Потому что теперь она, кажется, знает Драко Малфоя. Или, по крайней мере, так думает.
И нет, Гермиона всё ещё не лишилась последних мозгов. Она прекрасно понимает, что Драко законопатили в Азкабане за дело — но, Мерлин их подери, ну не так ведь! Не на пять же лет. Не в ужасных условиях. Не с пытками и унижениями. Что они за победители такие, если обращаются с побеждёнными — так? Чем они вообще лучше? Да и наплевать, честно говоря, на их правоту или неправоту: вопрос ведь даже не в том, у кого пальто белее, а руки чище. Но невыносимо, совершенно невыносимо, что человек, вчера вечером укрывший её пледом, господи, вынужден был пережить всё это дерьмо — и, в общем-то, продолжает переживать до сих пор. И помочь она ничем не может… или всё-таки может? В конце концов, теперь у неё есть по крайней мере одна ниточка, ведущая к следствию, и имя этой ниточке — Гарри Джеймс Поттер.

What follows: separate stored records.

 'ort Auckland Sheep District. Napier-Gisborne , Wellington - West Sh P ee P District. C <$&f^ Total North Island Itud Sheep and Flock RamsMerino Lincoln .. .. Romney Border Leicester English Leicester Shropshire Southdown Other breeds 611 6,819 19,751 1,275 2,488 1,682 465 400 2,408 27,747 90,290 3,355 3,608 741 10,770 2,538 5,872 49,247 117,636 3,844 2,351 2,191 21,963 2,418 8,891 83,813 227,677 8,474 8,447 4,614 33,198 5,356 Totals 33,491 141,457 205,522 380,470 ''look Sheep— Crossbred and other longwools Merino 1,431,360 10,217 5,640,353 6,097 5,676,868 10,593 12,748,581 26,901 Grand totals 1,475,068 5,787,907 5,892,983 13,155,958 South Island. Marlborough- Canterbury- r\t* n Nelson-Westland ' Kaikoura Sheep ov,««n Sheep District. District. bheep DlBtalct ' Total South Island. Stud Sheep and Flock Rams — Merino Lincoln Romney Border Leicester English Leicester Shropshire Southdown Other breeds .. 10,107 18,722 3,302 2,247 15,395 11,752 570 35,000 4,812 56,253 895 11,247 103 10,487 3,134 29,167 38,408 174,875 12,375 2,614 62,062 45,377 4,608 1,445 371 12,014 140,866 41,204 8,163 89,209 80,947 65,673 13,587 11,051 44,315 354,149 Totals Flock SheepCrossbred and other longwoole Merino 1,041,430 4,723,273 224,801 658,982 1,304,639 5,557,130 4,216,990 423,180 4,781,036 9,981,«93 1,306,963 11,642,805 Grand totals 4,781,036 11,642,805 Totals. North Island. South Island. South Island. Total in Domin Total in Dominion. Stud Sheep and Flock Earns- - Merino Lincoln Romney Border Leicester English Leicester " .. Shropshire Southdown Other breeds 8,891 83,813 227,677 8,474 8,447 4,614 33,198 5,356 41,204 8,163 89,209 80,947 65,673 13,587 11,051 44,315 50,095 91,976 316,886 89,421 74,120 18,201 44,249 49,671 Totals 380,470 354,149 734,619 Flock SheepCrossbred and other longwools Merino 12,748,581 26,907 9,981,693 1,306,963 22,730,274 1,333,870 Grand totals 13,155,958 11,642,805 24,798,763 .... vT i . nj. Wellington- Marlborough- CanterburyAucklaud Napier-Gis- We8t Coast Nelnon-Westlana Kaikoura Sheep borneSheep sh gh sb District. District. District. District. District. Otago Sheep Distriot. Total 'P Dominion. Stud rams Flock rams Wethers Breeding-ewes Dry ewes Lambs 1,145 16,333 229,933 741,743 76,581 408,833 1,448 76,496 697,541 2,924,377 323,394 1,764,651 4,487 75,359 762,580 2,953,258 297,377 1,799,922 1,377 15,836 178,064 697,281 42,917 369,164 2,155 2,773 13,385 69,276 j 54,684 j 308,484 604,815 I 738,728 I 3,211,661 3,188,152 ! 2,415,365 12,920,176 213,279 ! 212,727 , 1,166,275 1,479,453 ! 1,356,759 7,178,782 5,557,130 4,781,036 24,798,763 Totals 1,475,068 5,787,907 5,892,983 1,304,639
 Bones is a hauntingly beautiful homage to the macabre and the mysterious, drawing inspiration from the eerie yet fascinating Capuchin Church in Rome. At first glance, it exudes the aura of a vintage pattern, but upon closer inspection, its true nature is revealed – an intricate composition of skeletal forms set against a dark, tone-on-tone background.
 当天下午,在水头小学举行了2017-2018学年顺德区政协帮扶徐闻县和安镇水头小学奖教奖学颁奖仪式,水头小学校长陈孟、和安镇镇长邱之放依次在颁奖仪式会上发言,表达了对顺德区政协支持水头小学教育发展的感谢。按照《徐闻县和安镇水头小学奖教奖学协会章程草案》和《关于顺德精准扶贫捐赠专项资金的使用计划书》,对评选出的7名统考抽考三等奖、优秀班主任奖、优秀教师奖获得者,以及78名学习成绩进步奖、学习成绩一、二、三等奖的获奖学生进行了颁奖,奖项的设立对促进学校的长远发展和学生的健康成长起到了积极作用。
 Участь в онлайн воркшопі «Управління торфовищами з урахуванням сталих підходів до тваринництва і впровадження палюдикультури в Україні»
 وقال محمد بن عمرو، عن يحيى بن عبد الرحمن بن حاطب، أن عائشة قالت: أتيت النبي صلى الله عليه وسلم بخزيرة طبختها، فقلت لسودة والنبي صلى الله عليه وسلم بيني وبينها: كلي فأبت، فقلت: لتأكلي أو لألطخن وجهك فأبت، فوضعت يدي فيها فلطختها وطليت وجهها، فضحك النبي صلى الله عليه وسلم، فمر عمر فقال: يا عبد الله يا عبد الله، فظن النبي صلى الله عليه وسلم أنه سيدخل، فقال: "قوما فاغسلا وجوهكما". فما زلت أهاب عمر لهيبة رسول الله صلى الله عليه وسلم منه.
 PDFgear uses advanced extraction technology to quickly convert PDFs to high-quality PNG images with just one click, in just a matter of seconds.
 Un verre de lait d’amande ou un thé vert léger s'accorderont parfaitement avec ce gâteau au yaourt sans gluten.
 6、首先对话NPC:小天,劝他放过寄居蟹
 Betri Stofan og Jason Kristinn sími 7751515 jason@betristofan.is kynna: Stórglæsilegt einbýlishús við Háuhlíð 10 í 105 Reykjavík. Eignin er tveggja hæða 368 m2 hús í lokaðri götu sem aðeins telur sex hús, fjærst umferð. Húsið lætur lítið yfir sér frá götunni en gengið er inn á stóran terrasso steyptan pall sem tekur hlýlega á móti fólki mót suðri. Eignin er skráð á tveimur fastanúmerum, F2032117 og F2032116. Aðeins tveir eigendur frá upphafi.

Ей важно, почему-то страшно важно разобраться в деле Малфоя. Понять, что на самом деле произошло шесть лет назад и почему Драко — чёрт бы с ним с его отцом, уж там-то и впрямь клейма было ставить негде — так старательно закапывали; понять, действительно ли его посадили бы, если бы не все эти странные несостыковки и недомолвки. Гермиона и сама не знает, зачем ей эта информация, что она изменит и изменит ли вообще хоть что-то — но непонимание словно зудит под кожей и не даёт успокоиться.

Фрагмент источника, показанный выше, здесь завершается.